Mom and I lived in a Red Cross house for the next several months while the old man regained his footing. He went to the Bay Area to work. Brothers and sisters spread out working on their own.
Our white privilege didn’t come easy and was taken away during one bad, very bad rainy week. I remember the mayo sandwiches, the second-hand shoes that the old man bought for me from the pawn shop in Oakland and the baseball mitt that Mom purchased for me from her tip jar money, hard earned from cutting hair. All of those things ensured that I would never feel underprivileged. Eventually, Dad returned and moved Ma and me to Yreka, California where he managed to get a job operating a crane. We lived in a one bedroom trailer house. After Mom got sick, Dad took her to Hayward, California for cancer treatment at Stanford, I finished the 8th grade on my own in Yreka. I wasn’t really alone though, the old man had every damn neighbor in the trailer park looking after me. After school let out, I hopped on a Greyhound bus to meet up with the rest of the family in Hayward. I had a layover at the bus station in San Francisco at 4 in the morning. Not a place I would recommend anyone being, ever. To this day, I cuss the family for not picking me up there. Talk about a country boy out of water… Good Lord. Mom died in 1969. Being the baby in the family and other significant life events resulted in an extremely close relationship between my mother and me. She was so sick in the end I remember praying for God to take her so she’d no longer be in so much pain… It was an awful year.

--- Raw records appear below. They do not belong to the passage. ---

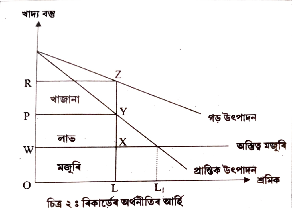 খাজনা আৰু মজুৰিৰ মাজত পাৰ্থক্য WPYX। মুঠ উৎপাদন বঢ়াৰ লগে লগে শ্ৰমিকৰ প্ৰান্তিক উৎপাদন অস্তিত্ব মজুৰিলৈ (L) হ্ৰাস পাব আৰু লাভ পৰিমাণ নোহোৱা হ’ব। ভাৰসাম্য অৱস্থাত কৃষি আৰু উদ্যোগ খণ্ডৰ লাভ সমান হ’ব। যেতিয়া কৃষিখণ্ডৰ লাভ কমিব তেতিয়াই মূলধন উদ্যোগ খণ্ডলৈ স্থানান্তৰ হ’ব। এনে ক্ষেত্ৰতো বৰ্ধিত মজুৰিৰ বাবে লাভৰ পৰিমাণ আগ্রাসন হ’ব।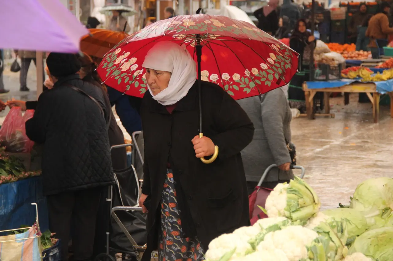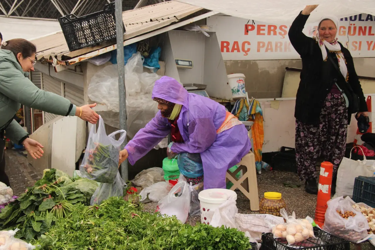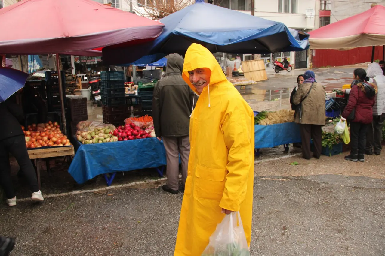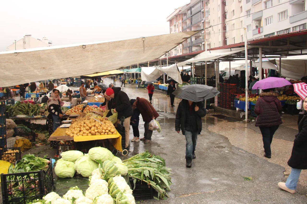 Meteoroloji'nin sarı kodlu uyarısına karşın pazar alanı renkli görüntülere sahne oldu. Yağmur altında alışveriş yapanların mücadelesi dikkat çekti.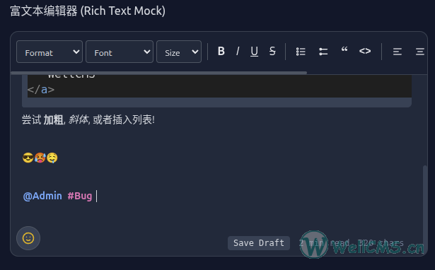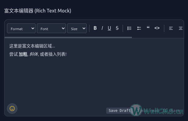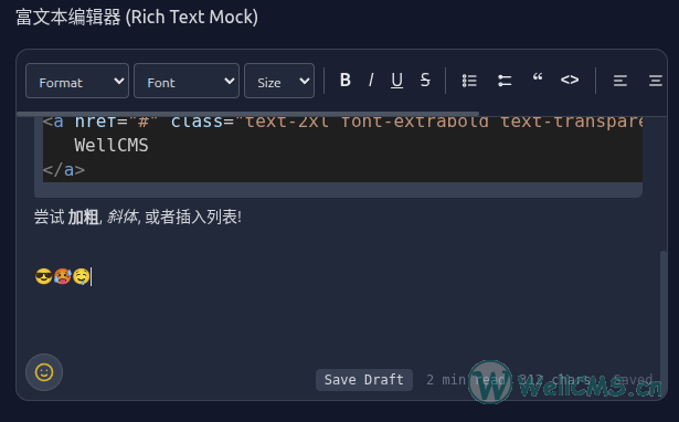 WellRTE 是一款基于原生 JavaScript (Vanilla JS) 和 Tailwind CSS 构建的现代化富文本编辑器。它旨在提供类似 Notion 的流畅写作体验,同时保持极轻量级的体积和高性能。它内置了丰富的 Markdown 支持、社交化功能(提及、话题)、以及针对移动端深度优化的交互体验。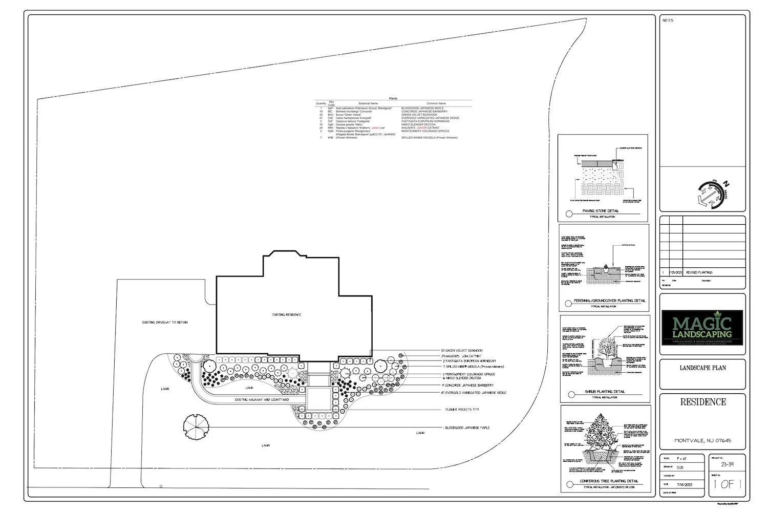 Unilock Arcana Courtyard, Bluestone Border, Clay Brick Walkway, Running Bond and French Parquet Patterns, Limestone Accents, Foundation Plantings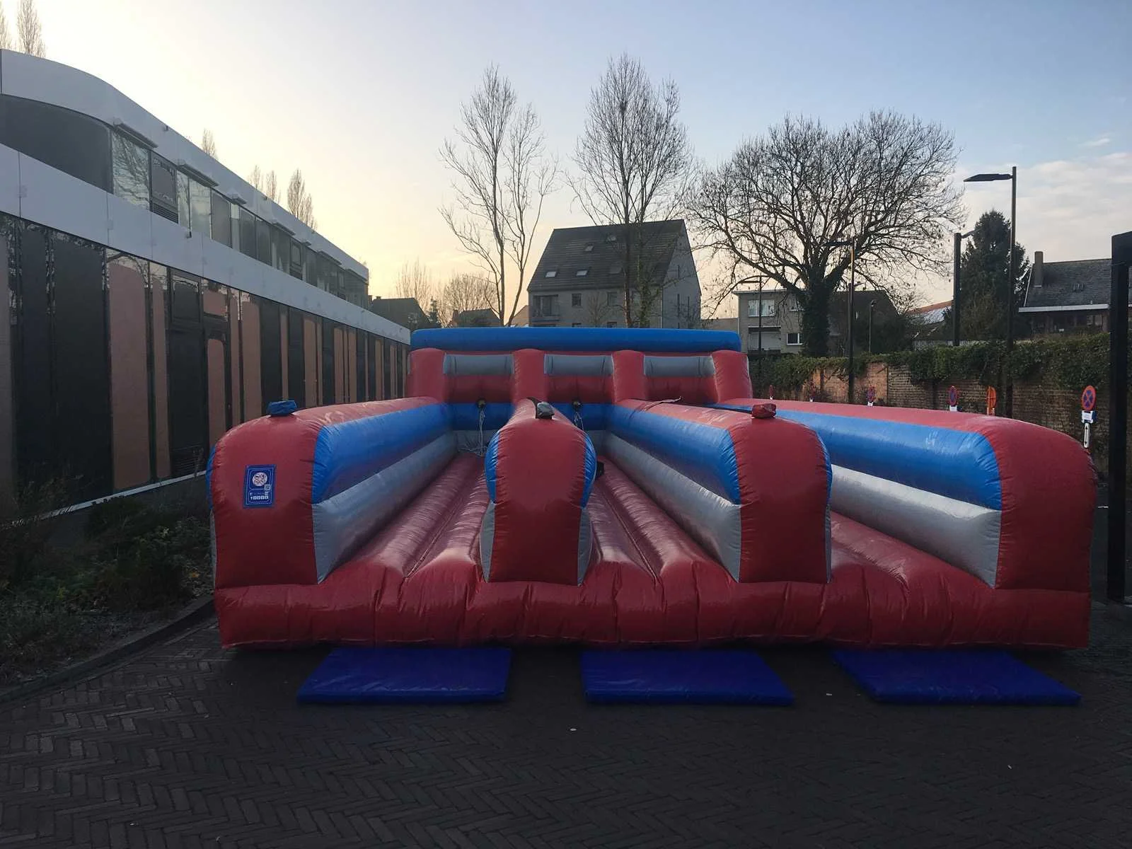 3-lane bungee run in goede, gebruikte staat upgrades: -3 strong bungee cords - 3 veiligheidsriemen/harnas met riem exclusief blazer No Merk: Airquee Model: bungeerun Gewicht: 250kg Lengte: 11000cm Breedte: 4000cm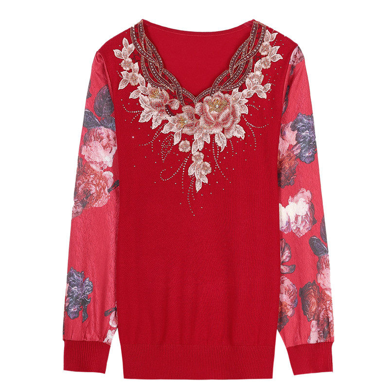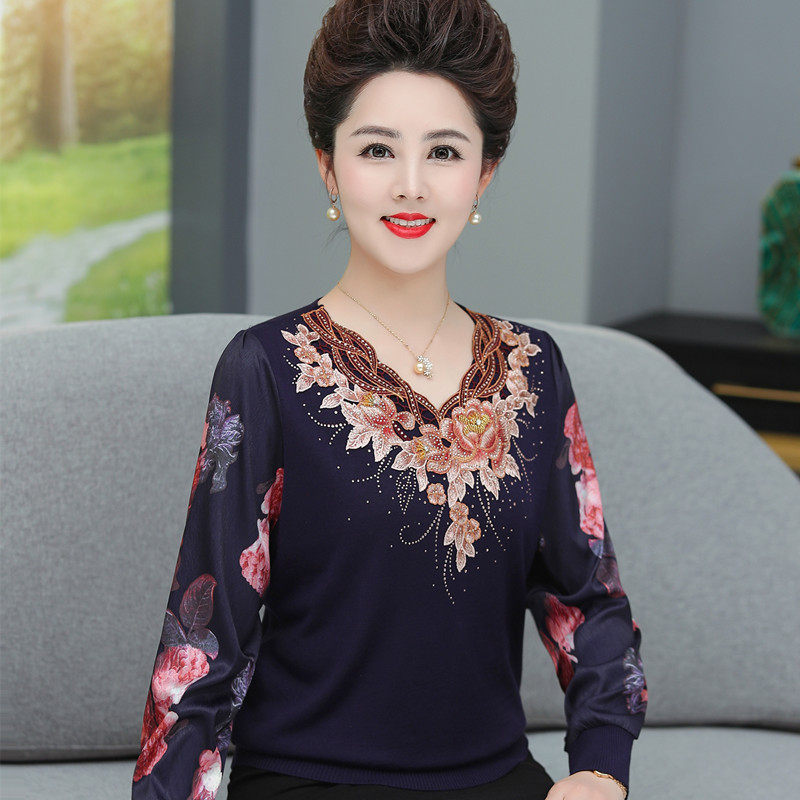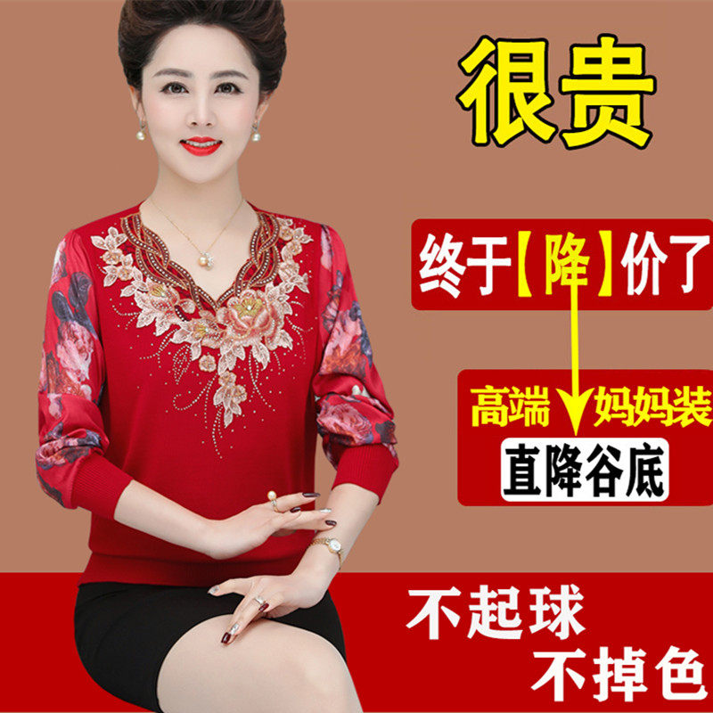 Mom Spring and Autumn Wear Knitted Town Large-yard Middle Age Noble Sweater Middle Old Woman Thin Blade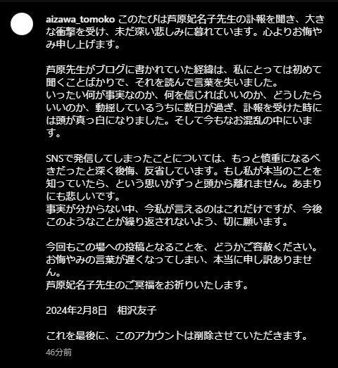 脚本家・相沢友子氏「芦原先生がブログに書かれていた経緯は、私にとっては初めて聞くことばかりで、それを読んで言葉を失いました。」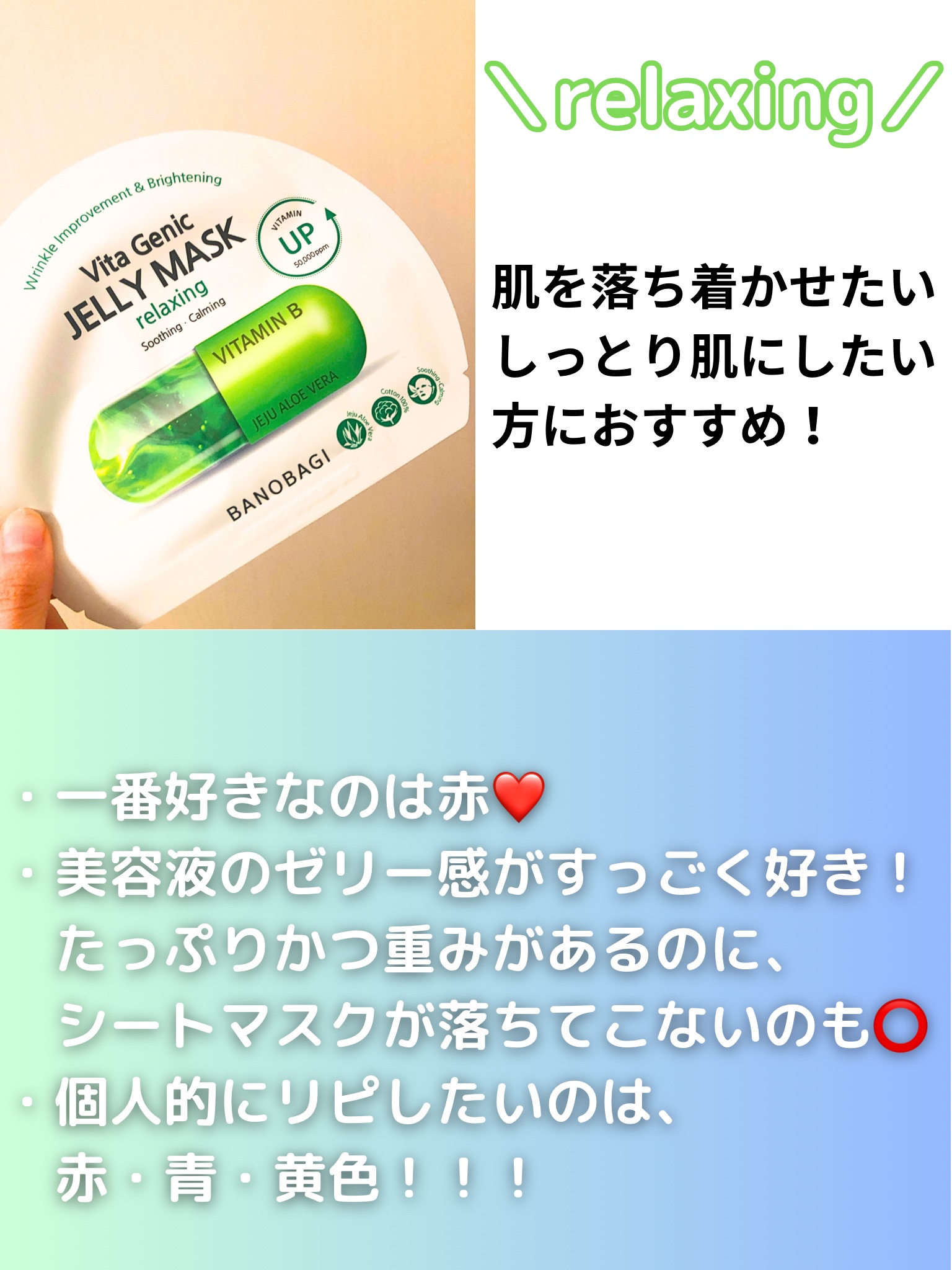 ・・・BANOBAGIビタジェニックゼリーマスク💛ホワイトニング💚シカBANOBAGI様からいただきました♪ゼリーのようなプルプルなエッセンスがたっぷりと入っていました✨ちょうどいい暑さのシートで肌にピッタリと密着してくれます◎どちらもエッセ...

My guess is that everyone has their own life experiences that make swallowing this white privilege bullshit simply unacceptable. So if they are waiting for me to apologize for my whiteness they are going to be waiting a very long, long time. It simply ain’t gonna happen.
I am proud of my family and proud of myself. I’ve worked very hard all of my life and what I have, I have. I earned it and I’ll be keeping it. Thank you very much!
Have a good rest of your weekend friends. And if you’re white, black, brown or purple stay that way. Individualism is a beautiful thing!